- _Task_: Could you filter the records below and return each line that holds "határdombon"?

(Records contained in a dataset)
'''

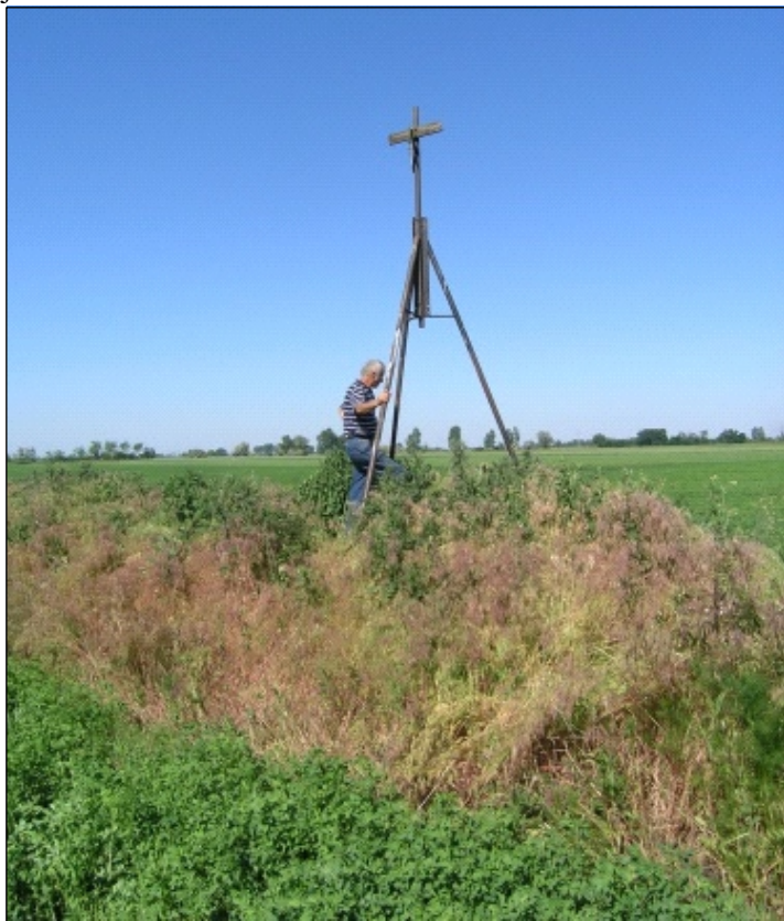
13. Gúla határdombon a Jászdózsa–Jászapáti határon

A vasútvonaltól délre lévő határdombon régi földmérő gúla áll (13. kép). Felállításának időpontja nem ismert, a térképek nem jelölik.
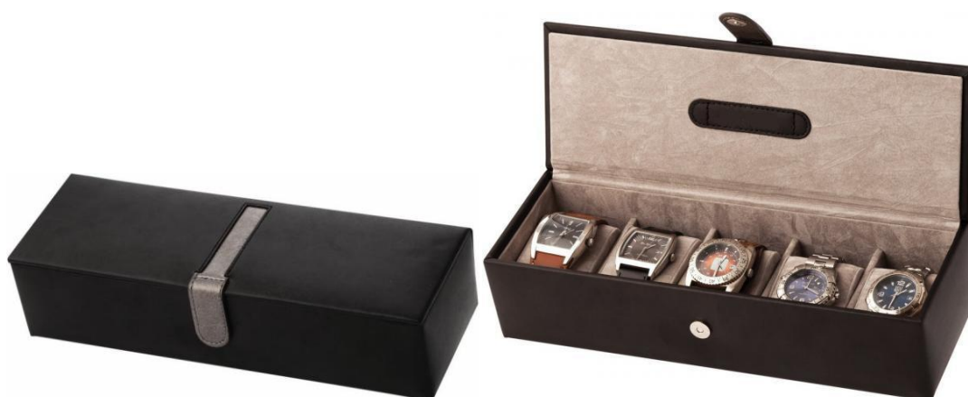
1500 WATCH BOX
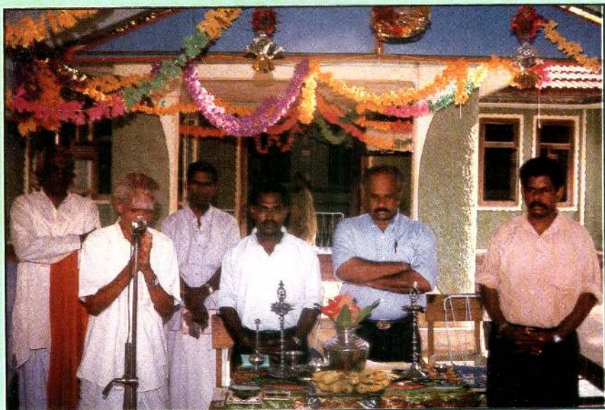
தொடங்கியது தொடர வேண்டும் என்ற தொண்டனின் தூண்டுதல் - பெருங்காடு தெற்கு கிராம அபிவிருத்திச் சங்கத்தின் 3வது ஆண்டு விழா (நாள் 11.04. 2000)
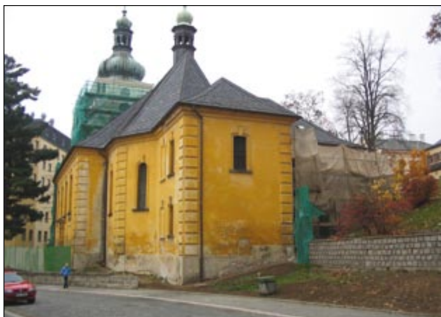
Kostel sv. Anny před rekonstrukcí, pohled z ulice Soukenná
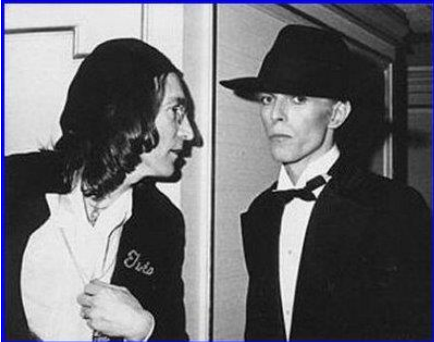
John Lennon in David Bowie, New York 1975
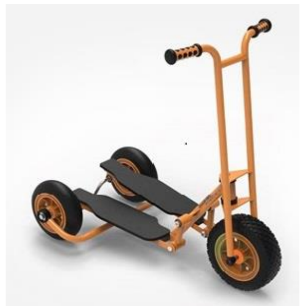
„eltoys“ Stepproller Fr. 399.-

Auf dem Viking Holländer sind Koordination, Beweglichkeit und Kraft gefragt! Eine echte Herausforderung an die motorischen Fähigkeiten.
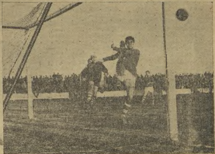
Un "vicegol": Batido el portero cacereño, un defensa salva en la misma raya.
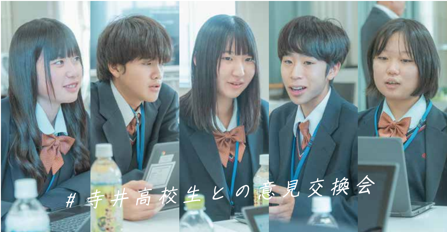
#寺井高校生との意見交換会

'''

- _Your solution_:
13. Gúla határdombon a Jászdózsa–Jászapáti határon
A vasútvonaltól délre lévő határdombon régi földmérő gúla áll (13. kép). Felállításának időpontja nem ismert, a térképek nem jelölik.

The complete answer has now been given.